In response, Versatile sued Charlotte Russe for breach of contract, intentional misrepresentation and negligent misrepresentation. Versatile alleged among other things that Charlotte Russe’s sale of Versatile’s brand at severe discounts had resulted in damage to and diminution of Versatile’s brand and trademark.

Charlotte Russe, in turn, sought defense and indemnity from its general liability insurer, Travelers Property Casualty Company of America. The Travelers policy covered Charlotte Russe for various “personal injury” offenses, including “oral, written or electronic publication of material that slanders or libels a person or organization or disparages a person’s or organization’s goods, products or services….” Travelers declined to defend Charlotte Russe against Versatile’s claims.
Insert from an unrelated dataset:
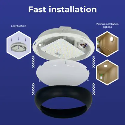 Die Noxion LED-Wand- und Deckenleuchte Pro V2 12/16/20W 2400lm - 830-840-865 CCT | 325mm - IP65 + Ring Schwarz ist eine Feuchtraumleuchte. Sie strahlt Licht in der Farbtemperatur 3000K - 4000K - 6500K CCT aus und punktet durch eine lange Lebensdauer. Diese Leuchte ist speziell zur Verwendung in Feuchträumen (Keller, Waschräume, etc.) vorgesehen.

Travelers later sought a declaratory judgment that Travelers had no duty to defend Charlotte Russe in Versatile’s lawsuit. The trial court granted Travelers’ motion for summary judgment. Charlotte Russe appealed.

Holding

The Court of Appeal reversed. The appellate court reasoned that in the underlying action, Versatile alleged that Charlotte Russe had offered Versatile’s products for sale at severely discounted prices, resulting in damage to and diminution of Versatile’s brand and trademark. Although Versatile did not expressly allege that Charlotte Russe had disparaged Versatile’s products, a duty to defend could be triggered by “implied allegations” of disparaging statements. Irrespective of whether Versatile’s allegations suggested that Charlotte Russe was liable for the personal injury offense of “trade libel,” Versatile’s allegations clearly did suggest that Charlotte Russe was liable for the separate personal injury offense of “disparagement.” As such, Travelers was obligated to defend Charlotte Russe in the underlying action.

Comment

The appellate court found that Versatile potentially sought damages for “disparagement” because Versatile alleged that its goods were “premium” and “high-end,” and Charlotte Russe had published prices falsely implying that the goods did not have those characteristics. To our knowledge, this is the first time a court has found a potential for “disparagement” coverage based on allegations that an insured improperly offered a manufacturer’s goods for sale at discounted, “close-out” prices. We expect that Travelers will ask the California Supreme Court to either review this somewhat controversial decision, or at a minimum de-certify it as a published case.